Jbreezy said:Homework Statement
I want the surface area of Revolution about x from [-2,2] of y = |x|
So I want to know if I can take it x from [0,2] and just multiply this result by 2?
Homework Equations
The Attempt at a Solution
Set up
dy/dx = (5/(2√x))
S = 2 ∏ ∫ 5x^1/2(√ 1 +((5/(2√x))^2)
from x = 0 , to x = 2. Then multiply this result by 2? Is this OK to do?
The surface area of revolution refers to the total area of a three-dimensional figure obtained by rotating a two-dimensional shape around a given axis. This is often used in mathematics and engineering to calculate the surface area of objects such as cones, cylinders, and spheres.
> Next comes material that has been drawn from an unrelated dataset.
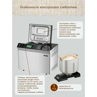 программы: варенье, максимальный вес выпечки: 1200 г, мощность: 615 Вт, количество программ выпечки: 12, материал корпуса: пластик

The surface area of revolution can be calculated using integral calculus. The formula for calculating the surface area of revolution is 2π∫f(x)√(1+(f'(x))^2)dx, where f(x) is the function defining the shape of the rotated figure and f'(x) is its derivative.
The surface area of revolution has many real-world applications, such as in architecture for calculating the surface area of domes and arches, in manufacturing for determining the amount of material needed to create a curved surface, and in physics for calculating the surface area of objects in motion.
The shape of the original two-dimensional figure has a direct impact on the surface area of revolution. For example, a cylinder with a larger base will have a larger surface area of revolution than one with a smaller base. This is because the shape of the two-dimensional figure determines the curvature and dimensions of the three-dimensional figure.
One limitation when calculating the surface area of revolution is that it can only be applied to objects with rotational symmetry. This means that the shape of the object must be able to be rotated around a given axis without changing. Additionally, the integration required for the calculation can be complex and time-consuming for more intricate shapes.